Services such as Netflix, Amazon Prime Video, Disney Plus, HBO Max and Hulu have thousands of TV shows and movies to stream on-demand, but that’s just the beginning. Live TV streaming services, available from the likes of Sling TV and YouTube TV, can stream most of the live channels available on your cable box with no contracts to sign, so you can cancel anytime. And if you don’t want to pay at all, numerous other services stream free TV shows, free movies and even free live news

Ready to ditch your cable box for a screen full of apps? Relax, it’s easy.

Whether your favorite shows are on Netflix or TNT, Disney Plus or ESPN, Amazon Prime or your local ABC, NBC or PBS station, you can probably stream them without ever needing to use a cable or satellite TV box. 

Get CNET’s comprehensive coverage of home entertainment tech delivered to your inbox.

Here’s how to get started.

(Note that CNET is owned by ViacomCBS, which is a compensated programming provider on all cable, satellite and online TV services that offer CBS and Viacom channels including CBS, Showtime, Nickelodeon, Pop, CBS Sports and The CW, among others. ViacomCBS also owns and operates its own online service, CBS All Access, which is mentioned below.)

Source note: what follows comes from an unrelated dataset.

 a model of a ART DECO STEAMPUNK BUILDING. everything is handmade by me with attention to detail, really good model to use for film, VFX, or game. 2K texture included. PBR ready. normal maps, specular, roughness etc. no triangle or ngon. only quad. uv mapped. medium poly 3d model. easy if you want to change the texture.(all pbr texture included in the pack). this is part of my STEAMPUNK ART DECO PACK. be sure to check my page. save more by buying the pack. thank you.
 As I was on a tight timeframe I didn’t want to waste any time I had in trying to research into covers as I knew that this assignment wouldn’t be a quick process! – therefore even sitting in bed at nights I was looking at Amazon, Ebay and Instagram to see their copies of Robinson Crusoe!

Even if you cut cable TV you’ll still need a home internet connection for streaming. Many people get internet as part of a cable TV bundle, maybe with phone service too. Often your cable company is the same one providing your internet connection, but sometimes you can shop around to multiple internet providers.

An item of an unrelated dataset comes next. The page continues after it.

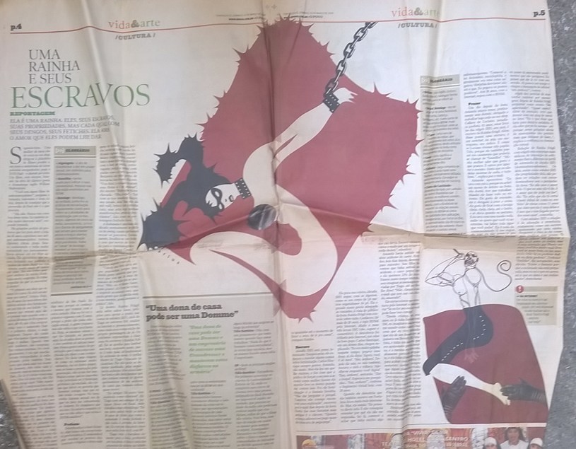 Um dia depois da festa, Amanda estava tensa, praticamente sem dormir, obrigada a trabalhar logo cedo no sex shop. Calhou de Luciano, jornalista paulista, 42 anos, estar livre no dia. edgeh {RF}, seu nick, é escravo da Rainha Frágil. Além disso possui uma escrava, é um switcher, ou seja, ora masoquista, ora sádico. É como se Luciano vivesse três papéis. Três, porque ele também possui um casamento que poderia se chamar de “baunilha”. “Minha mulher sabe que gosto e que pratico. E optou por ignorar o assunto – basta que eu não deixe mostras de nada, e tudo bem. Ou seja, é uma liberdade consentida. E como ela não suporta nem a idéia de sexo não-convencional, ficamos assim: faço as minhas coisas e evito que ela fique sabendo, embora ela tenha conhecimento disso”, explica por e-mail.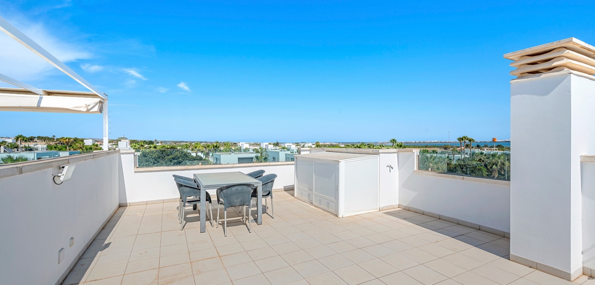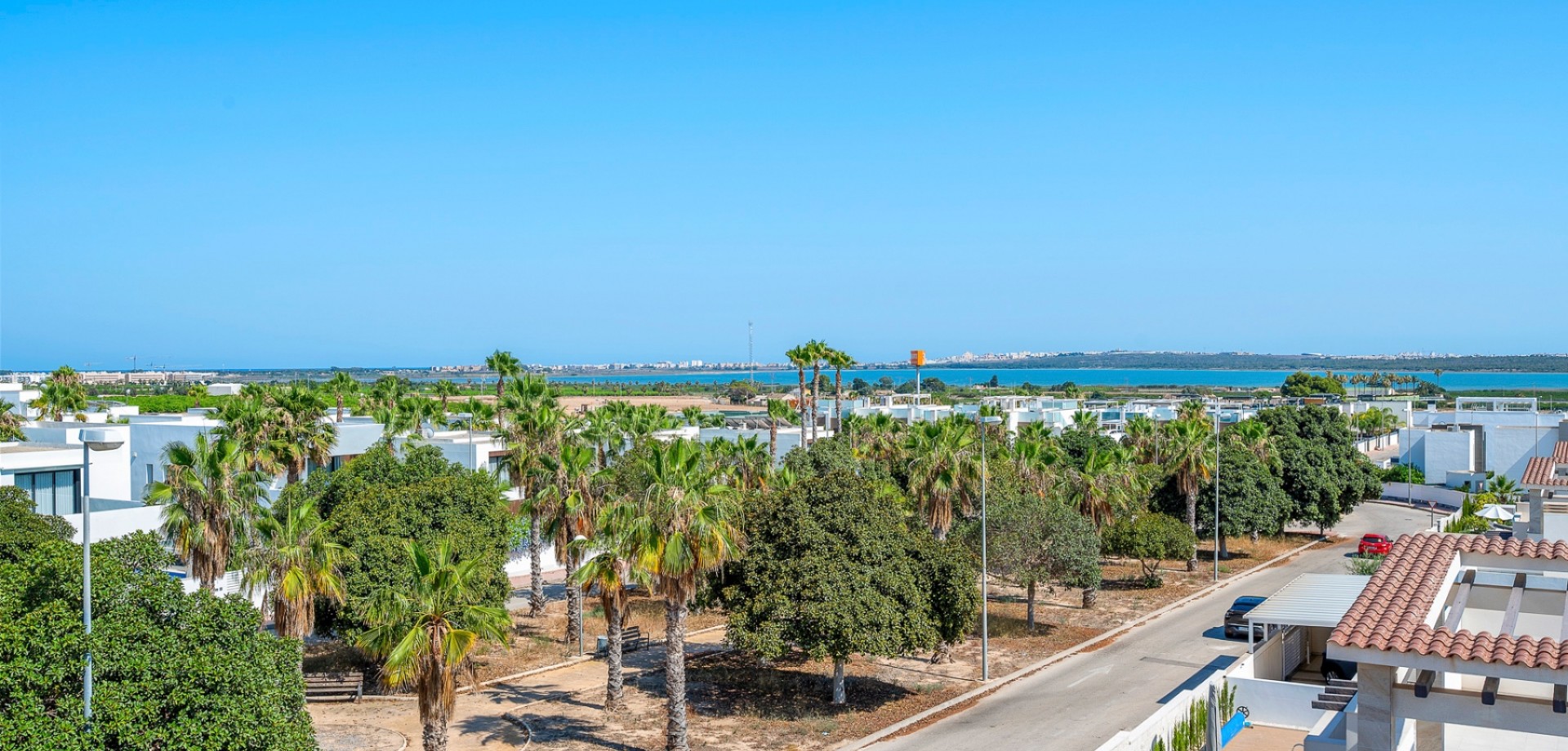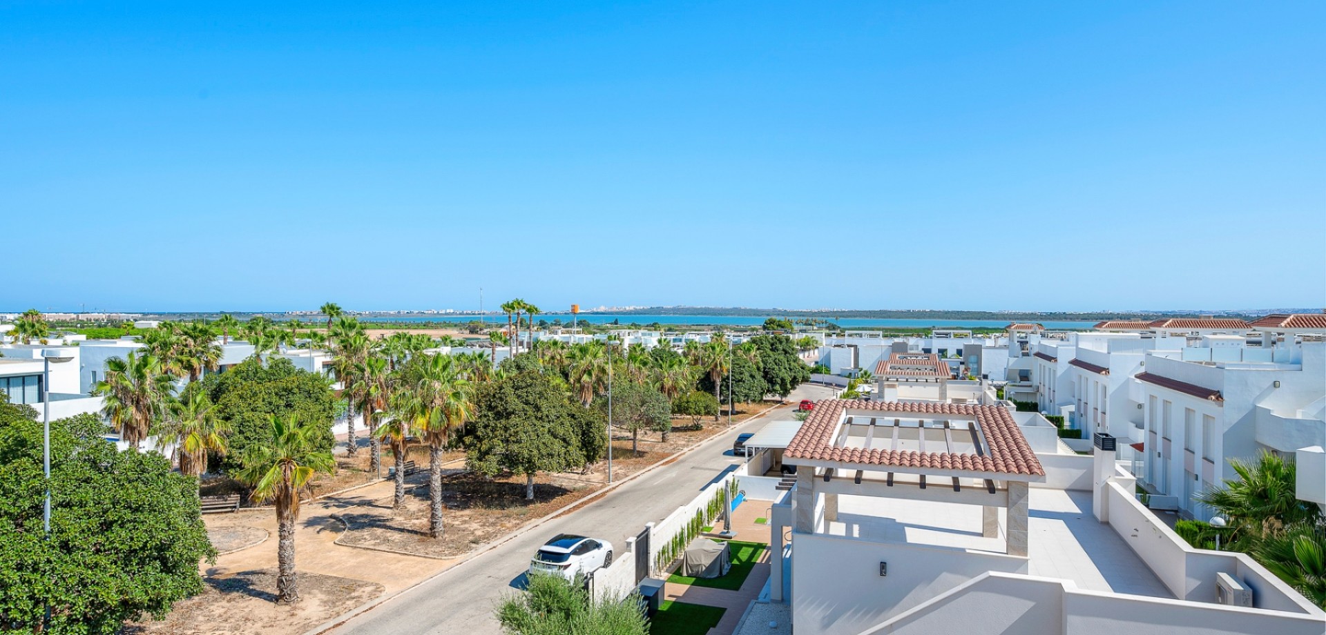 Diese Immobilie befindet sich in der Wohnanlage Riva in Doña Pepa (Ciudad Quesada). Es handelt sich um eine Doppelhaushälfte, die sich über vier Etagen erstreckt. Im Untergeschoss gibt es ein Schlafzimmer, ein komplettes Badezimmer, einen Freizeitraum und Abstellfläche. Das Erdgeschoss verfügt über ein Wohn- und Esszimmer mit Zugang zur Veranda und Terrasse, eine separate Küche mit Zugang zum Patio sowie ein Badezimmer. Im ersten Stock befinden sich zwei Doppelschlafzimmer mit Einbauschränken, ein Badezimmer, ein Ankleidezimmer in der Hauptsuite und Balkone. Die oberste Etage bietet ein privates Solarium mit Waschküche und Blick auf die Lagunen von Torrevieja.

You’ll need to find out how much home broadband by itself, with no TV bundle, costs. If your bundle is $130 a month, maybe you’ll have to pay $60 for just internet. That leaves $70 of potential savings by cutting cable TV. That’s a lot of money every month to pocket or spend on new streaming services.

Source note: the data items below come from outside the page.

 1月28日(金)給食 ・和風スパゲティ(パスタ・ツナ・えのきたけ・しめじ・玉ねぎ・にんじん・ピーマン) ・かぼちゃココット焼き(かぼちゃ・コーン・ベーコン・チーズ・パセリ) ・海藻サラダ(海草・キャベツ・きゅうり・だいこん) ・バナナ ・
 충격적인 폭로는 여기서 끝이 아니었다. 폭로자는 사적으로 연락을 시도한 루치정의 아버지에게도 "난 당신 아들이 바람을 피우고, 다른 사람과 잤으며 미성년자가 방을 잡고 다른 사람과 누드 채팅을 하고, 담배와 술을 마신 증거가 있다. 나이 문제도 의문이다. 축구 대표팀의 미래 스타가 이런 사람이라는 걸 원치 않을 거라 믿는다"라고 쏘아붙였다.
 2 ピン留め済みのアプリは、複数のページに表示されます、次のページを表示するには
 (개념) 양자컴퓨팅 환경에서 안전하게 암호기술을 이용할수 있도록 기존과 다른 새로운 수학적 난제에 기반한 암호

Other things to consider as you shop for internet-only plans:

Live TV services like YouTube TV have grid-style program guides, just like your cable box.

Now it’s time to figure out your TV must-haves. Cancelling cable means you’ll need to stream the stuff you normally watch on your cable box.

Make a list of the channels and shows you and your family watch regularly. In some cases you’ll be able to replace the shows on those channels with a streaming service such as Netflix or Hulu, but be aware that many current-season episodes won’t be available immediately.

The best option to replace your cable box directly is with a live TV streaming service. Each offers a package of live channels you can watch on a streaming app that, with a little learning curve, works just as well as (or better than) a cable box. They include program guides, cloud DVRs and extras your box can’t deliver including user profiles and mobile streaming. Prices start at $20 a month but to get live local channels (ABC, CBS, NBC, For or PBS) you’ll need to pay at least $50 per month. For premium shows, HBO ($15 a month), Showtime ($11) and Starz ($9) all have standalone services, too. 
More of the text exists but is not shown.